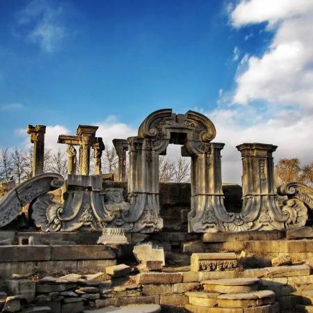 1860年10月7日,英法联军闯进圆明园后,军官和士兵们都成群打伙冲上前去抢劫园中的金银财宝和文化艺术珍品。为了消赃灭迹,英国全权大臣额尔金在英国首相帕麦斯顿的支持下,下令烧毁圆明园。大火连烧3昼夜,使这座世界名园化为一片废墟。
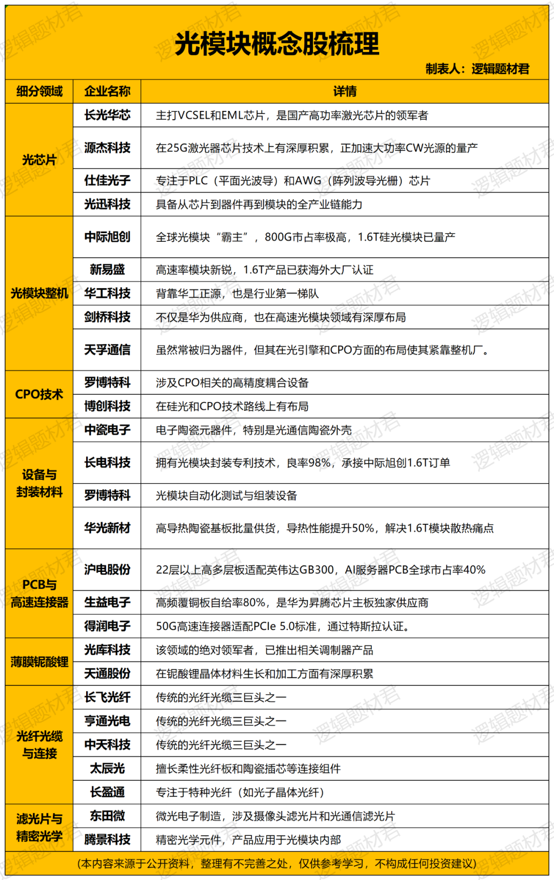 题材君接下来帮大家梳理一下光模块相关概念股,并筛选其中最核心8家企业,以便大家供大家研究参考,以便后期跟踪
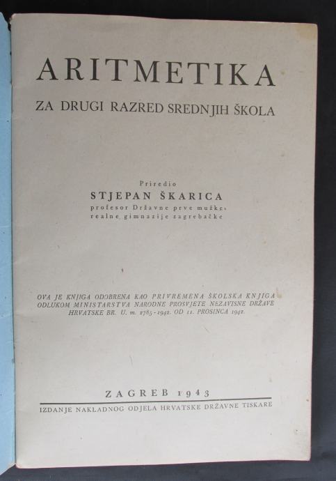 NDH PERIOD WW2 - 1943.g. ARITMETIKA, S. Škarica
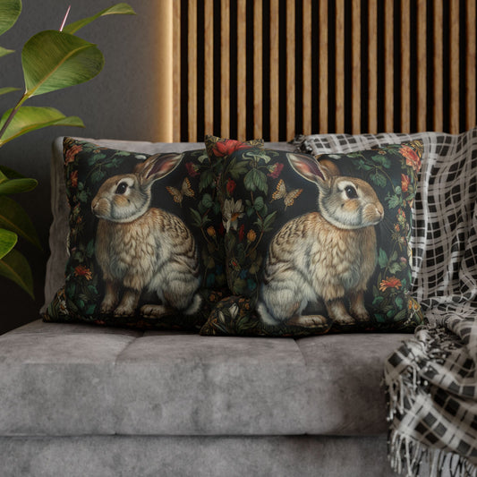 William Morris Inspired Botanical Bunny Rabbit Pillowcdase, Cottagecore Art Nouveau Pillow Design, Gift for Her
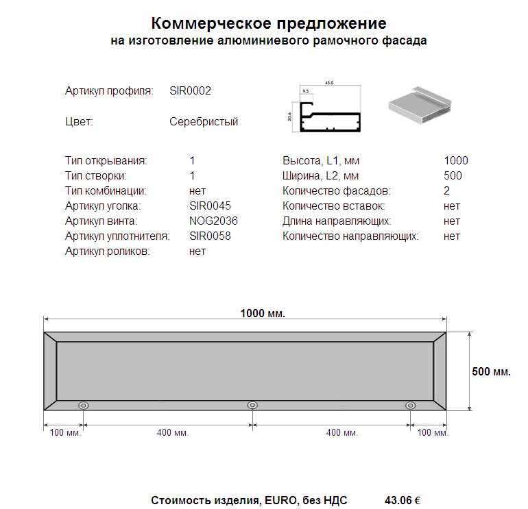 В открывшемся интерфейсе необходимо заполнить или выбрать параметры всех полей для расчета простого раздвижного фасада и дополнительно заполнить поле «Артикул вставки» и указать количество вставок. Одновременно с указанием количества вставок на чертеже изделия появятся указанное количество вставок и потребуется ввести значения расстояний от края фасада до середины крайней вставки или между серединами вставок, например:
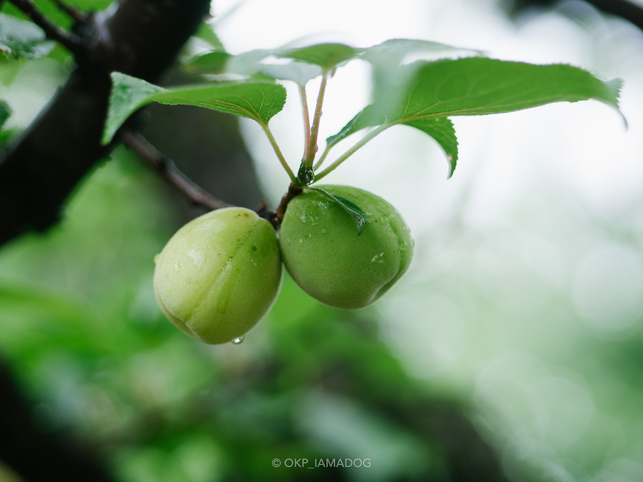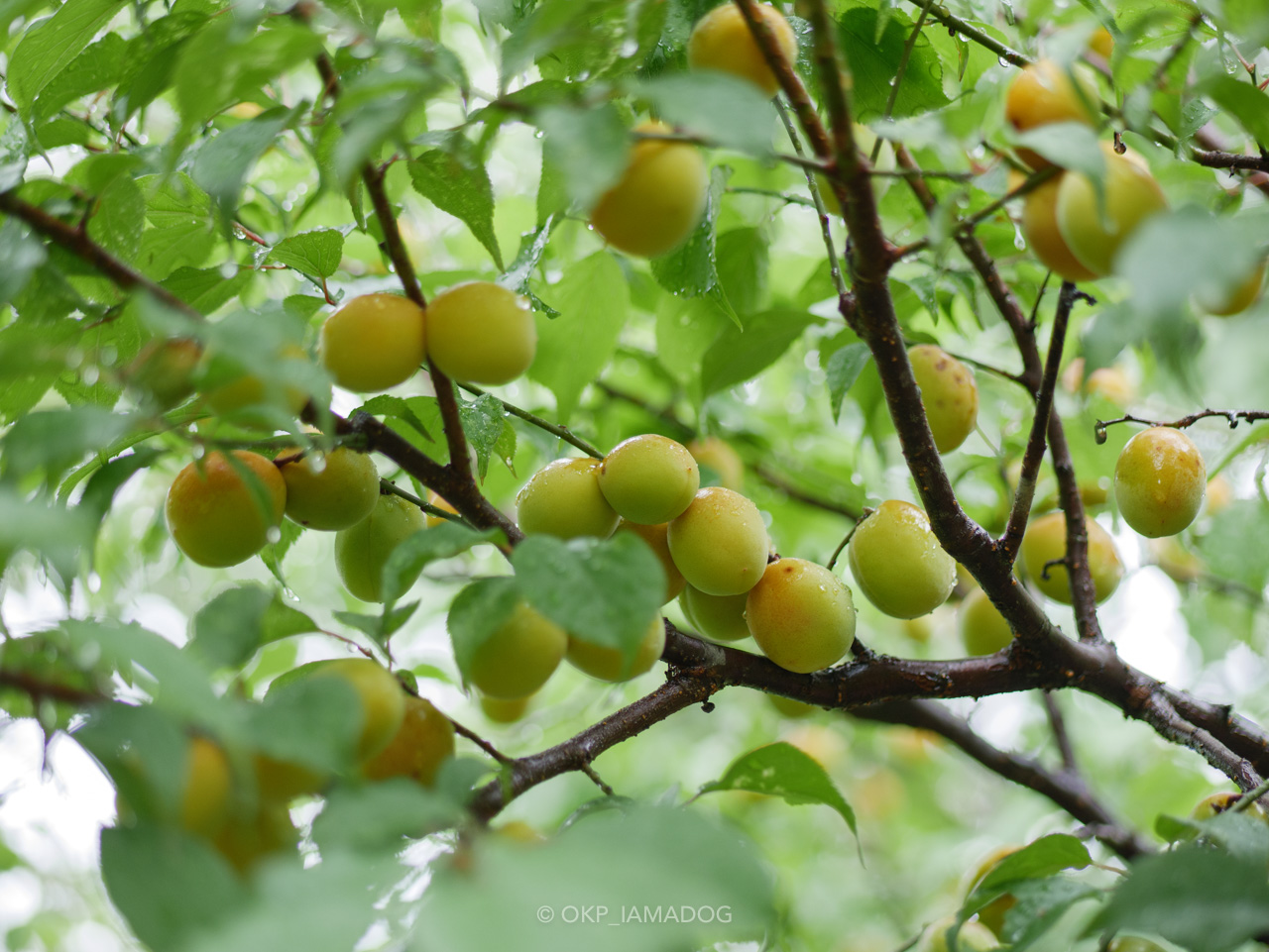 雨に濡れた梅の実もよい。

###

Look above for the line with "NDH PERIOD WW2" and the line with "William Morris Inspired"; set down those two lines and all lines between them exactly, without pictures and without anything else.

 NDH PERIOD WW2 - 1943.g. ARITMETIKA, S. Škarica
 William Morris Inspired Botanical Bunny Rabbit Pillowcdase, Cottagecore Art Nouveau Pillow Design, Gift for Her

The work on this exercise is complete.